Prove there is a $g:B\rightarrow\mathbb{R}$ s.t. $f(g(b))=b$ for each $b\in B$.

Question

Suppose $f:\mathbb{R}\rightarrow B$ is surjective, where $B$ is finite. Prove there is a $g:B\rightarrow\mathbb{R}$ s.t. $f(g(b))=b$ for each $b\in B$.

I'm given a hint to use induction on the cardinality of $B$. I'm not exactly sure how to go about the inductive step. The texts give the inductive hypothesis to be: for any onto function $f:C\rightarrow D$, where $|D|=n$ and $C\subset\mathbb{R}$, there is a suitable $g:D\rightarrow C$. However, I don't see why they suppose $C\subset\mathbb{R}$, and not just take $C$ to be $\mathbb{R}$.

Answer 1

Your texts seem really weird. All those requirements are not necessary.

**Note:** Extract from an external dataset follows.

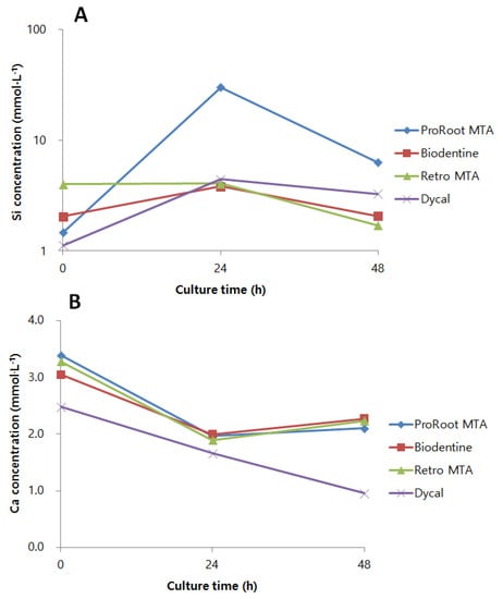 We evaluated the Si ion concentrations of the material extract media, and ProRoot MTA showed significantly higher levels of Si ion concentrations at all time points compared to the other materials. Biodentine, Retro MTA, and Dycal also showed differing levels and patterns of Si ion release. The difference in material composition may account for the varying ion concentrations of materials. Whereas ProRoot MTA is known to contain 21.1 wt % of SiO2 [32], Retro MTA contains 5–15 wt % SiO2. Moreover, Biodentine mainly consists of tricalcium silicate and dicalcium silicate. Such differences in ion concentration may have affected the production of IL-6, IL-8, and TGF-β1 among the CSCs.

Let $f : A \to B$ be surjective, where $A$ is any set and $B$ is countable. Then there exists $g : B \to A$ such that $f(g(b)) = b$ for each $b \in B$.

Proof: For each $b \in B$, choose $g(b)$ to be a preimage of $b$ under $f$, i.e. choose $g(b) \in \{x : f(x) = b\}$, where $\{x : f(x) = b\}$ is always nonempty by surjectivity of $f$. Now $g$ satisfies the requirements.

By the way, if we use the axiom of choice, we can do this construction for any sets $B$, not just countable ones.